After he put the broken traps in a bag, he got into his truck and drove to the Mason's land. With a simple note attached, he tossed them next to the mailbox and drove into town, since he was already halfway there.
It didn't matter to him that the traps were just barely on his land. The fact of the matter was they were where they shouldn't be. It also didn't surprise him that the first person he would see, when he went past the pub, was none other than Cob Mason. Squaring his shoulders, he went into the pub and faced the man.
"Mr. Mason, I just tossed twenty of your taps at the foot of your mailbox. I found them on my land. I've made them harmless. I thought you should know." He stood there waiting for a response.
"Well now, what part of your land were they on?
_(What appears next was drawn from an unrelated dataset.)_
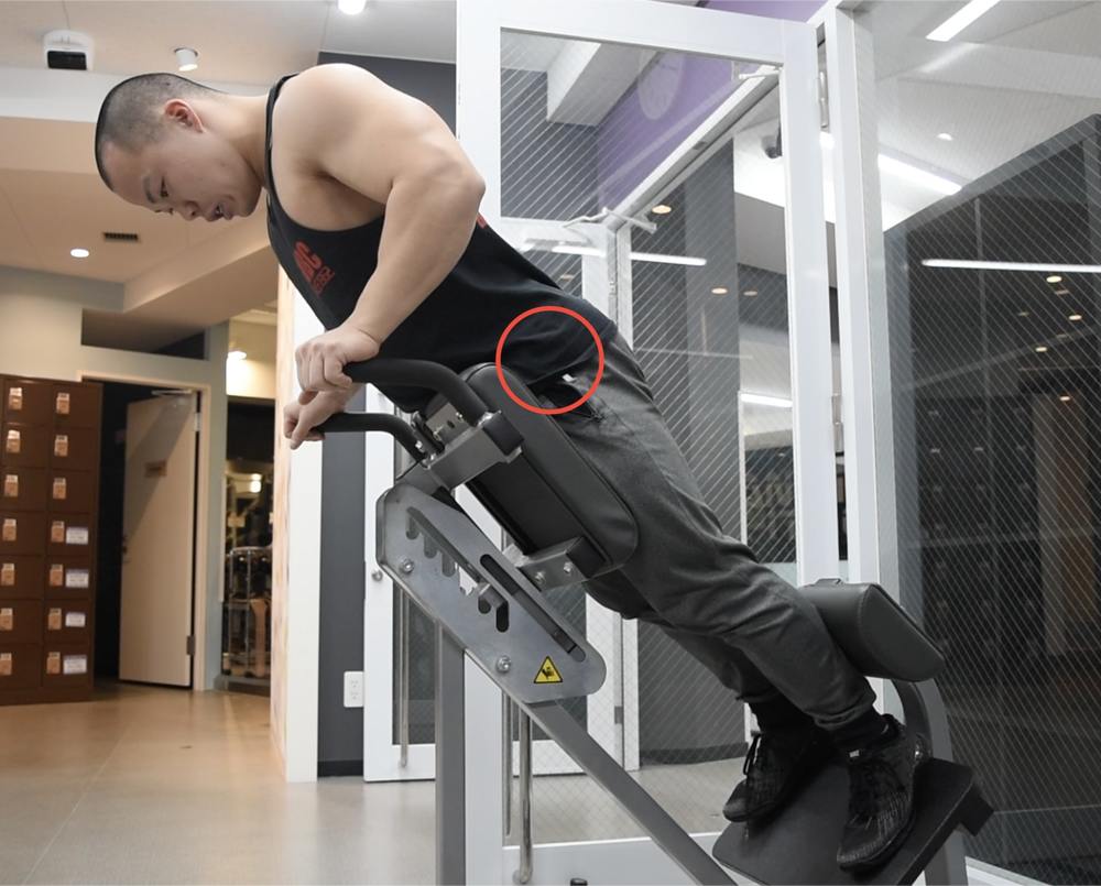まずはマシンのパッドを正しい位置にセッティングします。先ほど紹介した脊柱起立筋を狙ったバックエクステンションとは違って、腰骨の突起がパッドから上に飛び出るようにマシンを設定しましょう。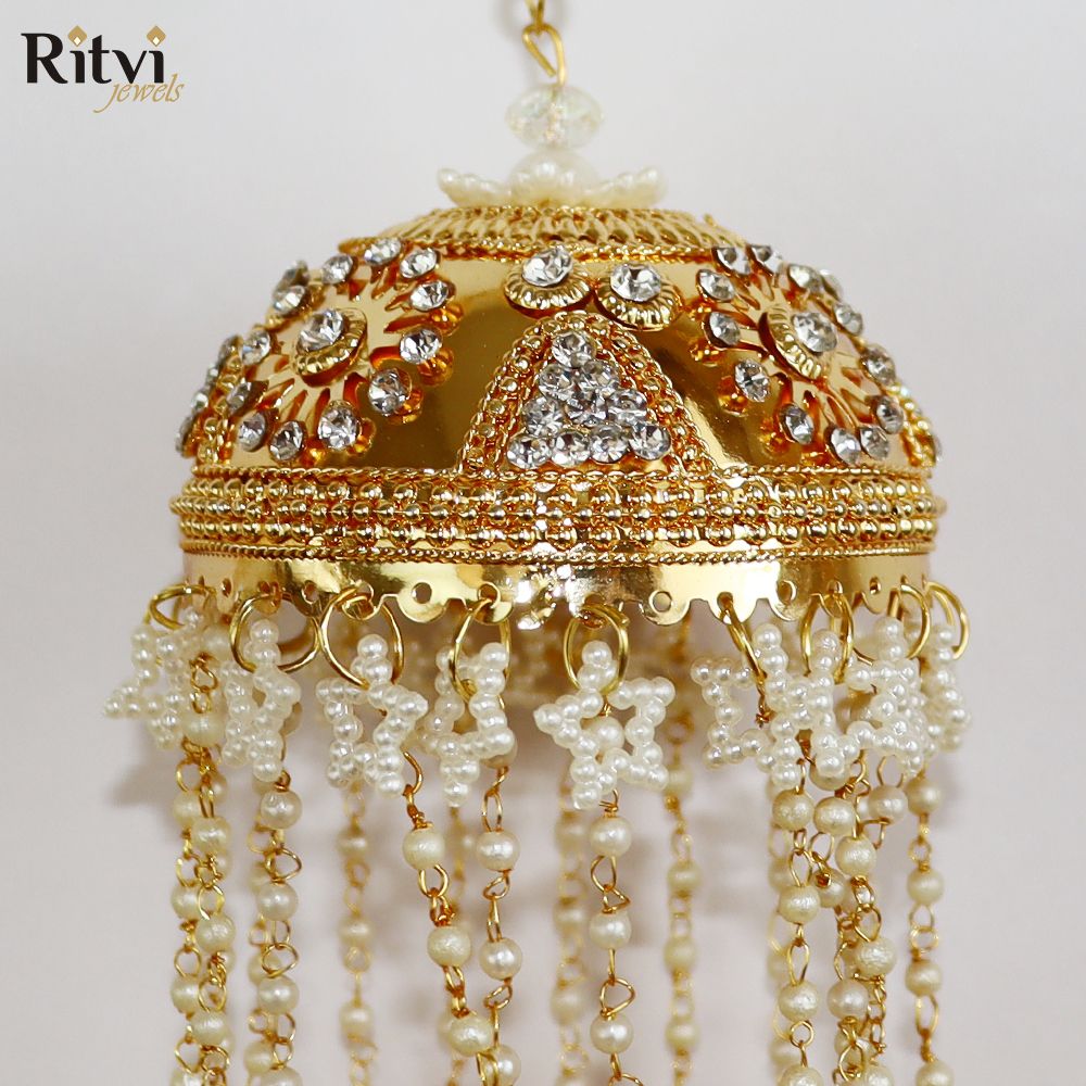 These traditional hanging ornaments also called Kaleera are worn by brides in India and are usually crafted as umbrella-shaped structures with intricate details, including beads, tassels, pearls, shells, butterflies, hearts and sometimes even ghungroos (small bells). The intricate designs, materials, and rituals associated with Kalira reflect the region’s cultural heritage. It’s believed that if a piece of the Kalira falls on someone, they’ll be the next to get married. This tradition adds an element of excitement and anticipation to the wedding celebrations. Bridal Kaleera are not just accessories but are deeply rooted in tradition and cultural symbolism, representing prosperity, happiness, and the bond of marriage. They encapsulate the blessings, hopes, and well-wishes for the bride’s journey into married life.

I told my boy to pull that trace."
"On the south border, fifty feet my side of the creek." Layn waited to see how the older man would react.
"Damnit man...! I wish you wouldn't go ruining my traps. But at least, now I know you're a man of your word. If in the future you would be kind enough to just return them to me... I'll be having my boy tagging his equipment. Let me tear strips into him if I have to, but I can ill afford buying new traps for a few paces of border land." He held Layn's eye as he took a deep drink of his dark beer.
"One time only, since you've asked, and until I can get my border marked. After that..." He stopped, taking a deep breath. "Just keep them off my land and we can remain good neighbors." Layn said thoughtfully.
"Well, least ways honest ones. Good evening to you sir." Cob Mason said, and turned back to his beer and bread. Layn nodded to the people in the pub and headed out to his truck. After a quick stop at the butchers and the grocer, he headed back to his little cottage in the clearing.
Over the next couple of weeks, as he marked his southern and eastern border, he missed the infrequent visits from Elmira. Once most of his border was marked, he again set about putting his land to rights. He even broke down and bought a good draft horse and an all terrain vehicle that used a clean burning fuel.
It was hard for him to fathom just how much work needed to be done. On the day he made his last mark, closing in the three sides of his land, the first light dusting of snow fell. He stopped to listen to the complete quiet. Closing his eyes he envisioned the little valley, as it might look, all covered in white.
"It is easier to see if you keep your eyes open." Elmira chuckled from behind him.
"Yes, but harder to listen." Layn smiled back. "I wondered where you've been. I've missed our little chats." He added, looking past her auburn hair, into her emerald green eyes.